Judge of the Wisconsin Court of Appeals for the 2nd district
- Incumbent
- Assumed office November 4, 2011
- Appointed by: Scott Walker
- Preceded by: Daniel P. Anderson

Judge of the Waukesha County Circuit Court Branch 2
- In office August 1, 2010 – November 4, 2011
- Preceded by: Richard Congdon
- Succeeded by: Jennifer Dorow

Member of the Wisconsin State Assembly from the 84th district
- In office January 4, 1999 – July 31, 2010
- Preceded by: Mary Lazich
- Succeeded by: Mike Kuglitsch

Personal details
- Born: March 20, 1970 (age 56) Milwaukee, Wisconsin, U.S.
- Party: Republican
- Education: University of Wisconsin, Madison (BA, JD)

Military service
- Allegiance: United States
- Branch/service: United States Army • U.S. Army Reserve
- Years of service: 2000–present
- Unit: Army Judge Advocate General's Corps
- Battles/wars: Iraq War

= Mark Gundrum =

American politician & judge (born 1970)

Mark Gundrum (born March 20, 1970) is an American lawyer and politician serving as a judge of the Wisconsin Court of Appeals for District II. He previously served as a member of the Wisconsin State Assembly from 1999 to 2010.

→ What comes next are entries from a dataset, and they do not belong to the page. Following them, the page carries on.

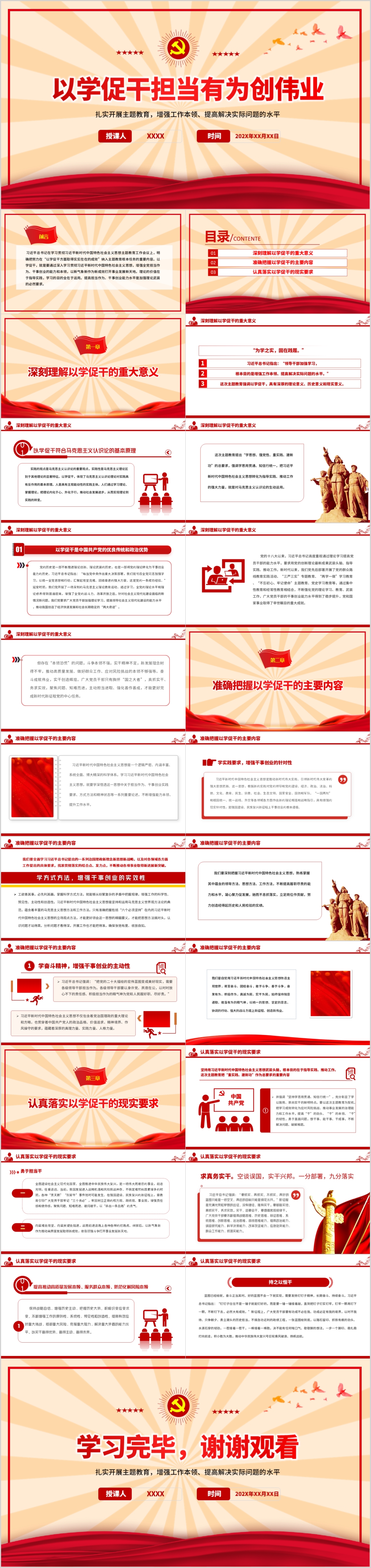 以学促干担当有为创伟业主题教育工作党课PPT模板
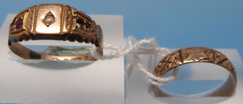 A 9ct gold wedding band (size L) together with a 9ct gold ring set with seed pearls, Chester 1894 (size N)
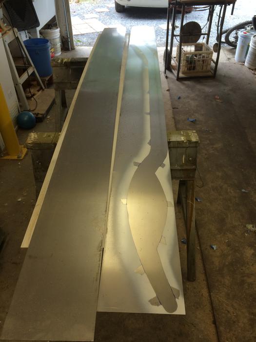 Welding of the frame rails in the MDF jig. a LVL plank was leveled on the work bench and then the jig was built up on it. Using a wood jig for welding is not a good idea and it did catch on fire.

==Early life and education==
Born in Milwaukee, Wisconsin, Gundrum graduated from Catholic Memorial High School, where he played for the school's gridiron football team. He received his bachelor's and law degrees from the University of Wisconsin–Madison.

== Career ==
Gundrum served on the Hales Corners, Wisconsin village board. He later worked as a staff attorney for Rudolph T. Randa, a judge for the United States District Court for the Eastern District of Wisconsin. He joined the United States Army Reserve in 2000, and was deployed to Iraq in 2008.

In 1998, Gundrum won the race to succeed Mary Lazich in the Wisconsin State Assembly as a Republican. In the 2002 election, he defeated fellow state legislator Marc C. Duff, who ran against Gundrum due to redistricting. While serving in the Wisconsin State Assembly, Gundrum worked with Steven Avery, who was exonerated after being falsely convicted of a sexual assault, to pass a criminal justice reform bill. In 2010, Gundrum was elected as a Circuit Court judge for Waukesha County. He was soon thereafter appointed by Governor Scott Walker in 2011 to fill a vacancy on the Wisconsin Court of Appeals. Gundrum successfully ran for the seat in 2013 and was re-elected in 2019.

Gundrum was named as one of Governor Scott Walker's finalists to replace Justice David Prosser, Jr. on the Wisconsin Supreme Court in June 2016.

== Personal life ==
Gundrum and his wife, Mary, married in 1996. They are Catholic and have ten children, whom they homeschooled through Wisconsin Virtual Academy. Their youngest child was born with encephalocele and a facial cleft, which required surgery to correct at Boston Children's Hospital. Gundrum appeared in the 2015 Netflix documentary series Making a Murderer, detailing Avery's case.